Data records -
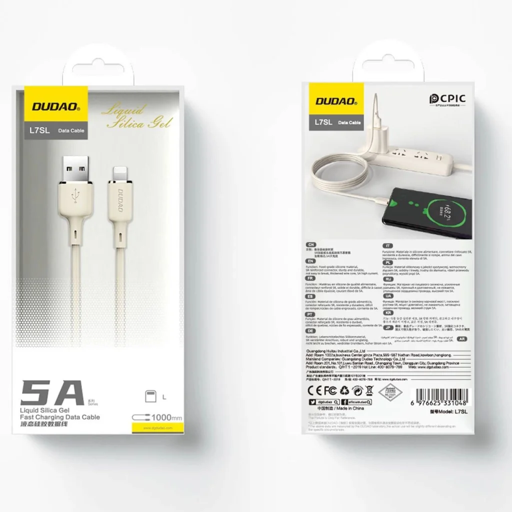 A Dudao L7SL kábel USB-A - Lightning csatlakozókkal és 5 A-es áramerősséggel, 1 méter hosszúsággal, bézs színben elérhető. Kényelem és megbízhatóság - a Dudao L7SL kábellel mindkettőre számíthat. A kábel USB-A és Lightning csatlakozókkal van ellátva, és maximális 5A-es áramerősséggel gyors töltést és adatátvitelt kínál. A szilikon anyag garantálja a puhaságot és biztonságot, 1 méteres hossza pedig tökéletes egyensúlyt teremt a mobilitás és funkcionalitás között. Az SR (feszültségmentesítő) megerősítés növeli a kábel tartósságát, ellenállóvá téve hajlítással és csavarodással szemben. A Dudao L7SL kábel legfontosabb előnyei: - Gyors töltést biztosít. Az 5A-ig terjedő áramok támogatásával a kábel lerövidíti az iPhone vagy iPad töltéséhez szükséges időt. - Hosszú távú használatot garantál. A tartós szilikon anyag nemcsak rugalmasságot, hanem évekig tartó tartósságot is biztosít. - Megkönnyíti a mindennapi használatot otthon és utazás közben. A kábel 1 méter hosszú. - Védelmet nyújt a károsodás ellen. Az SR megerősítés minimalizálja a kábel sérülésének kockázatát a csatlakozóknál. - Univerzális alkalmazást nyújt. A Lightning csatlakozó számos piacon lévő Apple eszközzel kompatibilis. Műszaki adatok: - Márka: Dudao - Modell: L7SL - Csatlakozók: - USB-A - Lightning - Maximális áram: 5A - Anyag: szilikon - Hossz: 1 m - Bézs szín Gyors töltés várakozás nélkül A maximális 5A-es áramerősséggel a Dudao L7SL kábel lehetővé teszi, hogy sokkal gyorsabban töltse fel okostelefonját, táblagépét vagy más Lightning csatlakozós eszközét. Emellett támogatja a gyors adatátvitelt is, ami tökéletes azoknak, akik nem szeretnek időt pazarolni. Tartósság és rugalmasság egyben A magas minőségű szilikonból készült Dudao L7SL kábel rendkívül rugalmas és ellenálló a károsodásokkal szemben. Biztos lehet benne, hogy sokáig szolgálja, függetlenül a használati gyakoriságtól. A tökéletes hossz mindenki számára A 1 méteres hossz tökéletes kompromisszum a funkcionalitás és a kényelem között. Lehetővé teszi, hogy szabadon használja eszközét töltés közben, függetlenül attól, hogy hol tartózkodik. Védelem a sérülések ellen Az SR (feszültségmentesítő) megerősítés a Dudao L7SL kábel csatlakozóinál jelentősen növeli a tartósságát. Ez a védelem minimalizálja a károsodás kockázatát, még intenzív használat mellett is. A Dudao L7SL kábel kompatibilis sok Lightning portot használó eszközzel. Ideális megoldás azoknak, akik például iPhone-t, iPadet vagy AirPods fülhallgatót használnak. Nemcsak gyors töltést biztosít, hanem problémamentesen szinkronizálható az iTunes-szal.
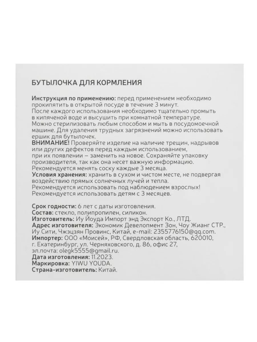 СохранитьБутылочка для кормления Ø50 ШГ 240 мл., стекло, цвет белый интересное:
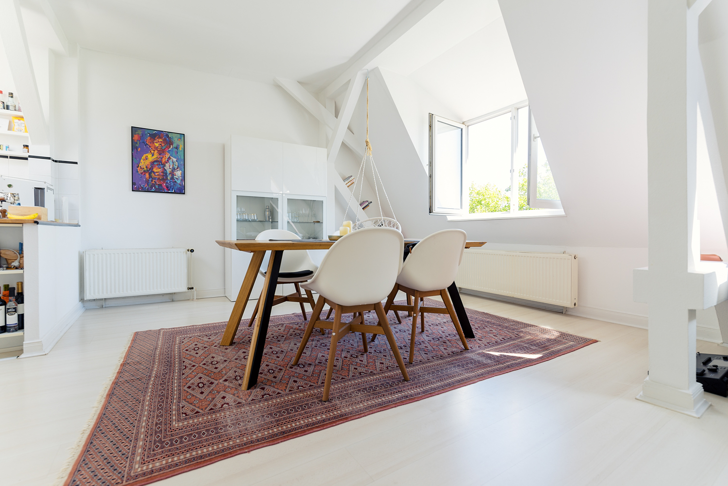 Durch die Betondecke kriegen Sie, trotz Altbau, kaum etwas von Ihren Nachbarn mit. Nach Feierabend einfach entspannt die Füße hochlegen und vom Rest der Welt abschalten ist hier, trotz sehr zentraler und belebter Lage, möglich! Das gut geschnittene Loft verfügt über einen einladenden Wohn- und Essbereich. Besonders schön: Die Holzbalken, die dieses Loft gemütlich und außergewöhnlich machen. Finden Sie nicht auch? Die Küche ist minimal gehalten und eingerichtet.
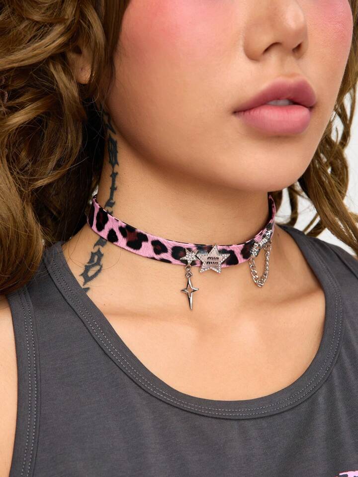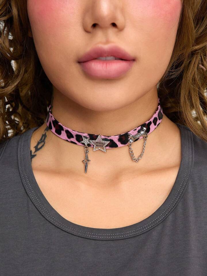 J-Fashion 1pc Hot Pink Leopard Print Bone Shaped Pendant Necklace With Rhinestones And Star Detail
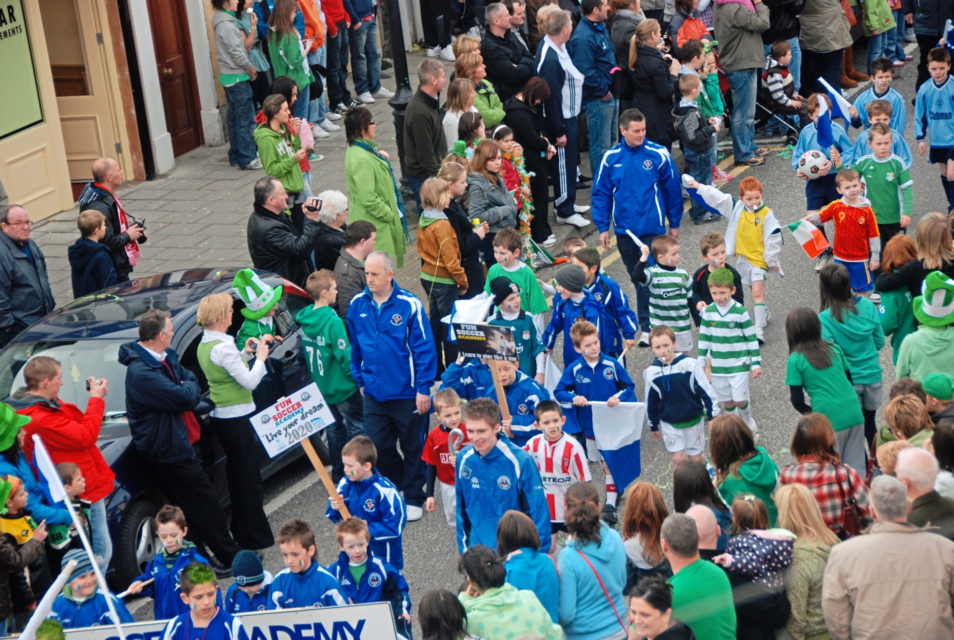 Some of the younger members of Buncrana Hearts FC taking part in the parade along Main Street.
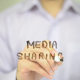 Man, Businessman, entrepreneur, freelancer, software engineer, programmer writes on transparent wall : Media Sharing
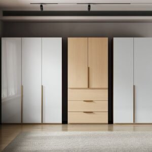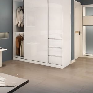 White Simple Timber Wardrobe with 3-Drawer/4-Drawer, Soft Close Door, Interior Shelves, and Clothing Rod
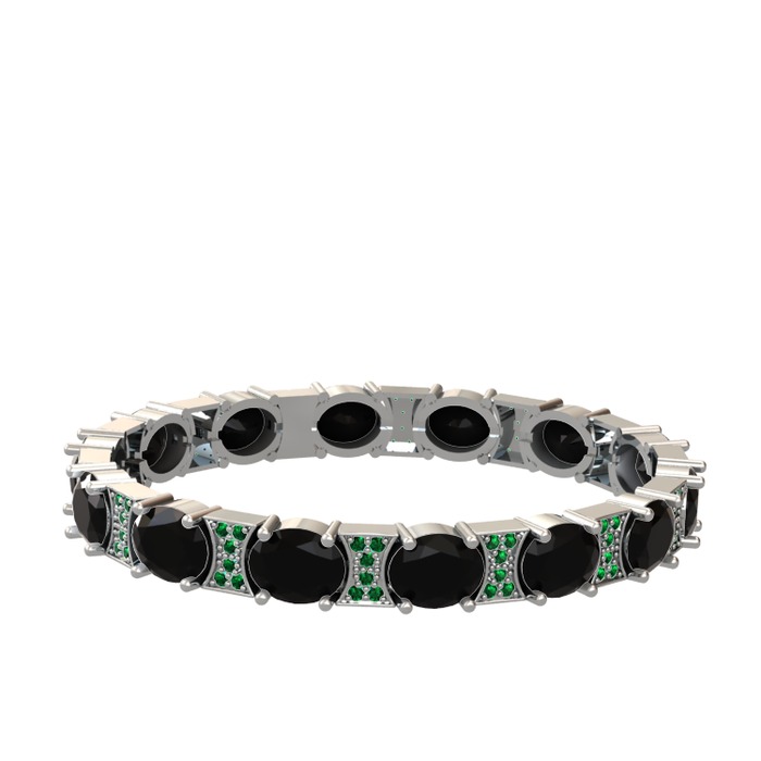 Siyah zirkon ve yeşil kuvars 18 ayar beyaz altın bilezik
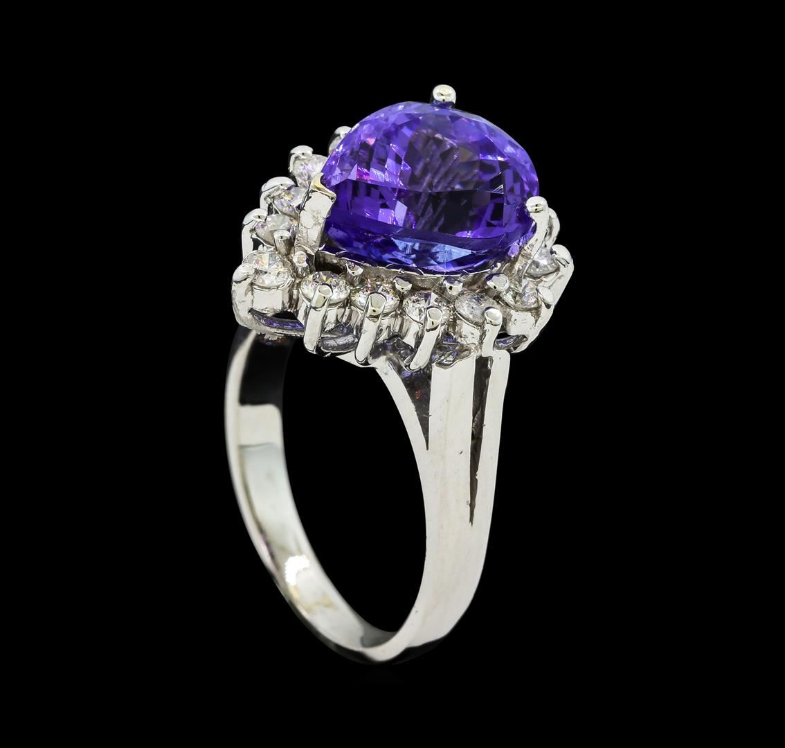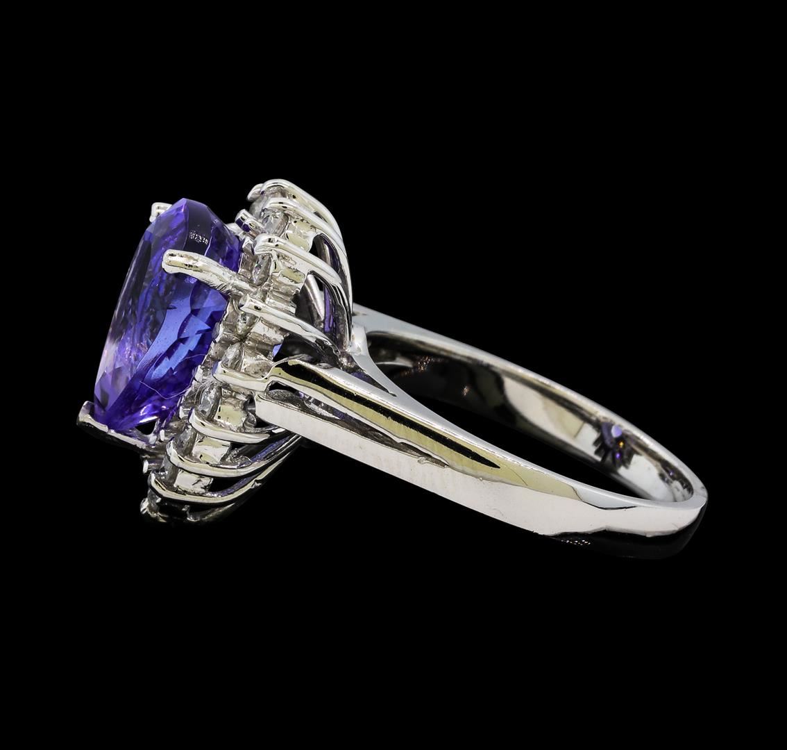 One electronically tested 14KT white gold lady's cast fashion ring with a basket halo with a bright polish finish. The featured lady's ring has a shank measuring 2.60 millimeters wide. Identified with markings of '14K'. Condition is new, good workmanship. Containing: One prong set pear modified brilliant cut natural tanzanite, measuring 11.74 x 9.77 x 7.63mm, (depth est.) approximate weight of 5.44ct., clarity is eye clean, medium dark, moderately strong, violet color, (GIA V 6/4), cut is very good. Transmitting light with no distortion, transparent. Colored gemstones are presumed to have been subjected to commonly used enhancement processes. Graded in the setting. Fifteen prong set round brilliant cut diamonds, measuring 2.40 - 2.35 x 1.45mm (depth est.) approximate total weight of 15 Stones = 0.75ct. Graded in the setting. Clarity SI-1 to I-1. Color: G - H Cut Good. Total Weight of Colored Stones 5.44ct.. Total Weight of Diamonds 0.75ct.. Total Weight of Ring 7.00gm. GAS Appraised at $11,390.00.
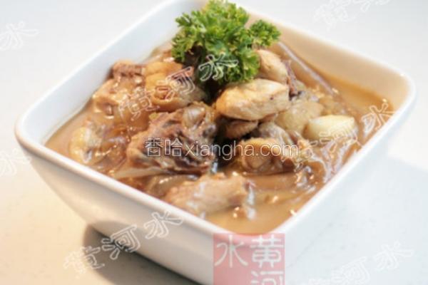 简介:熬炒鸡是一道美食,由鸡、绿豆粉皮等原料制作而成。做法1、鸡洗净,剁块;粉皮泡软,撕成片;葱、姜、蒜切大
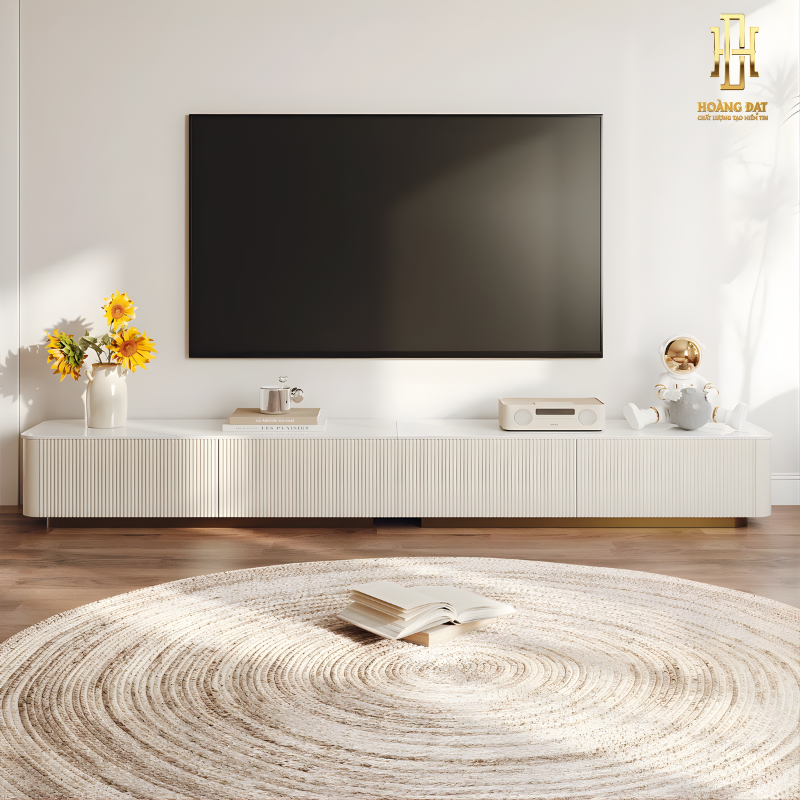 Phong cách hiện đại pha tối giản được thể hiện rõ qua đường nét gọn gàng. Tông màu sáng chủ đạo mang lại cảm giác sạch sẽ và thoáng đãng. Sản phẩm dễ phối với sàn gỗ, thảm trung tính và nội thất cùng tông. TV024 phù hợp căn hộ chung cư và không gian sống trẻ trung. Ngoài ra, Hoàng Đạt luôn hỗ trợ tư vấn, đo đạc và hoàn thiện 3D theo kích thước thực tế mà khách hàng mong muốn.
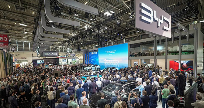 比亞迪攜海豹、宋PLUS EV冠軍版、元PLUS(海外命名為BYD ATTO 3)、海豚、漢以及騰勢D9亮相IAA。
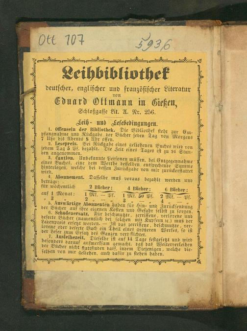 3.(Caution. Unbekannte Perſonen müſſen, bei Entgegennahme eines Buches, eine dem Werthe deſſelben entſprchende Summe hinterlegen, welche bei deſſen Zurückgabe von mir zurückerſtattet wird.—
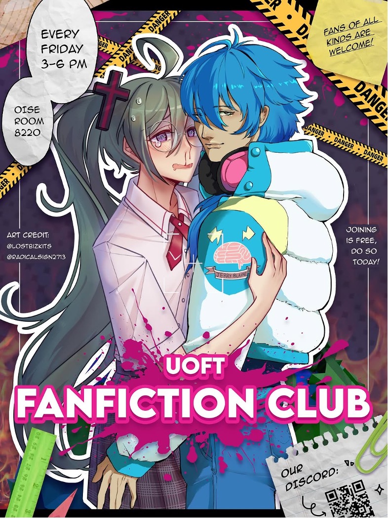 For my ethnography project, I chose the UofT Fanfiction Club as my research site and over the course of the semester attended weekly meetings that I participated in and took notes on, interviewed two executives from the club, and read a number of works relating to fan studies and fandom ethnographies. From the beginning, I wanted to find a site somehow related to fanfiction due to my already existing interaction with the topic, as I’ve been reading fanfiction and taking part in online fandom for more than half of my life at this point, being a consistent interest for around eleven years now. In that time, I’ve been both witness and participant to a number of discourses and discussions in these circles, which have raised questions for me around the expected etiquette of fanfiction readers and writers, the appeal of morally dubious topics in fanfiction, and the function of these spaces as niches for marginalized people. Additionally, I was interested in exploring an in-person community that focused on fanfiction, as previously I’d only considered larger-scale fanfiction communities that exist in a digital context, on platforms such as Tumblr and Archive of Our Own. The common treatment of fanfiction in popular culture also played a minor part in my motivations. Fanfiction has long been treated as the frivolous hobby of obsessive and parasocial teenage girls, which has always annoyed me, and I wanted to present an exploration of a fanfiction space with a more admiring lens rather than a pathologized one. As my research went on, my ideas solidified into a more concrete exploration in my final paper of participatory culture and the cultural economy of fandom, the relevance of the academic context and knowledge of the club’s members in how fanfiction was treated and discussed, and the importance of active collaboration in fanfiction circles to continue sustaining them.
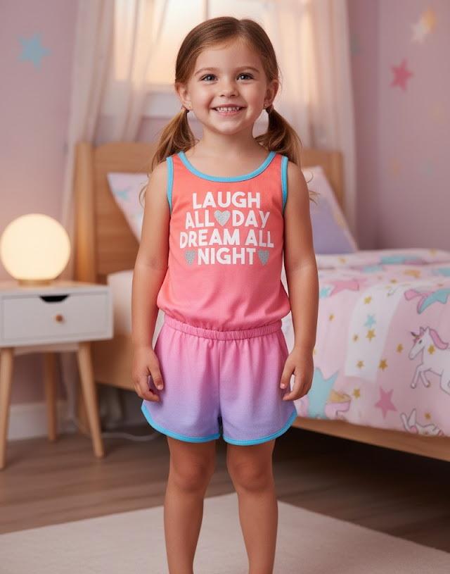 Keywords 1:girls foil print pajamas, inspirational quote sleepwear

Required action - Above, find the line holding "Durch die Betondecke" and the line holding "Man, Businessman, entrepreneur, freelancer, software". Print exactly those two lines and every line between them, but no pictures.

Answer box -
 Durch die Betondecke kriegen Sie, trotz Altbau, kaum etwas von Ihren Nachbarn mit. Nach Feierabend einfach entspannt die Füße hochlegen und vom Rest der Welt abschalten ist hier, trotz sehr zentraler und belebter Lage, möglich! Das gut geschnittene Loft verfügt über einen einladenden Wohn- und Essbereich. Besonders schön: Die Holzbalken, die dieses Loft gemütlich und außergewöhnlich machen. Finden Sie nicht auch? Die Küche ist minimal gehalten und eingerichtet.
 J-Fashion 1pc Hot Pink Leopard Print Bone Shaped Pendant Necklace With Rhinestones And Star Detail
 Some of the younger members of Buncrana Hearts FC taking part in the parade along Main Street.
 Man, Businessman, entrepreneur, freelancer, software engineer, programmer writes on transparent wall : Media Sharing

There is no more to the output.